Cette autonomie des collectivités locales a été un levier important de toute la vague d'évitement ségrégatif enclenchée par les classes moyennes blanches . Comme le rappelle Mike Davis dans City of Quartz à propos des zones péri-urbaines de Los Angeles : « Le développement des municipalités suburbaines hors des limites de la ville de L.A ouvrit de nouvelles perspectives au séparatisme résidentiel : la municipalisation et l'autonomie de décision qui en découlait en matière d'occupation des sols permettait enfin d'ériger des barrières vraiment infranchissables entre les propriétaires blancs et les autres. (..) Les habitants des minimal cities pouvaient établir un plan d'occupation des sols qui excluait de fait les locataires à faibles revenus, gros consommateurs de services publics ; la contractualisation de ces services leur permettait en outre d'éliminer la menace syndicale et de se prémunir contre toute logique bureaucratique d'expansion des services municipaux ; plus important encore ils soustrayaient leur patrimoine immobilier à toute pression fiscale redistributrice. » C'est cette re-ségrégation qui est un des déterminants les plus importants des « inégalités scolaires » aux États-Unis et des diverses modalités de privatisation.

Laurent Davezies note assez justement dans une interview « Dans la lutte des classes, c'est la confrontation entre les deux qui fait progresser la société ; or actuellement il n'y a plus de confrontation, mais une mise à distance spatiale. » (In Esprit n°393) Mais c'est un jeu dangereux. De fait, avec la mondialisation ( et la fuite du capital) la stratégie d'évitement s'est en partie retournée contre ses initiateurs. Comme le rappelle Bill Bishop au sujet des États-Unis dans The Big Sort : « Le niveau d'éducation a toujours prédit la croissance d'une ville, mais au début des années 70 cette relation s'est approfondie. Les villes qui croissaient et s'enrichissaient le plus vite étaient celles où les diplômés convergeaient (..) Chaque action produisait des effets qui venaient la renforcer en retour : les personnes diplômés convergeaient vers une ville, accroissant les disparités salariales régionales, ce qui attirait encore plus de diplômés, etc..) » Ce « brain drain » métropolitain a donc aussi en partie marginalisé cette classe moyenne infra-urbaine dont le sur-investissement territorial a accouché du Tea Party et autres mobilisations hystérisées de défense d'un privilège blanc supposément menacé. On remarquera en passant que le cocktail néo-populiste incarne au bout du compte assez bien la « formule trinitaire » ( économique, sociale, territoriale) de la prochaine phase de crise.
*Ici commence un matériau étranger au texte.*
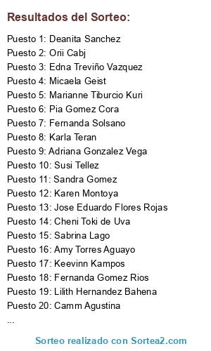 Lista de participantes: Lizbeth Hernandez Aquino, Amy Torres Aguayo, Melina Españón, Sabrina Lago, Cheni Toki de Uva, Jose Eduardo Flores Rojas, Keevinn Kampos, Fernanda Gomez Rios, Lilith Hernandez Bahena, TámÚh PópÓk, Camm Agustina, Sandra Gomez, Karen Montoya, AMaria Garcia, Micaela Geist, Edna Treviño Vazquez, Jessica Wong Nabte, Orii Cabj, Deanita Sanchez, Marianne Tiburcio Kuri, Pia Gomez Cora, Susi Tellez, Adriana Gonzalez Vega, Karla Teran, Fernanda Solsano, AndreZz Cyrus RojaZz.

On voit au fil de ces trois exemples, qu'au delà de l'habituel manichéisme statolâtre, la privatisation trouve sa source dans des dynamiques de long terme, de même d'ailleurs qu'on a pu écrire ( en 1987!) au sujet de la trajectoire inverse du système éducatif français : « alors que collectivement on s'interroge sur les grandes orientations à donner aux politiques scolaires, les groupes sociaux, dans leur stratégie de reproduction continuent à miser fortement sur la scolarisation, créant ainsi la demande et se mobilisant pour défendre leurs acquis qu'ils sentent menacés. Ainsi s'explique probablement que, sous l'effet de la crise, on n'ait pas réussi à comprimer davantage les investissements scolaires. » ( Dandurand & Olivier Les paradigmes perdus. Essai sur la sociologie de l’éducation et son objet ) Le système scolaire et ses évolutions nous rappellent que la reproduction n'est pas un simple mécanisme dont le renouvellement serait immanquablement assuré par un appareil idéologique d'État ou on ne sait quelle institution disciplinaire omnisciente mais bien le produit des classes et de leur lutte ( dans tous les aspects de celle-ci , d'où les guillemets)...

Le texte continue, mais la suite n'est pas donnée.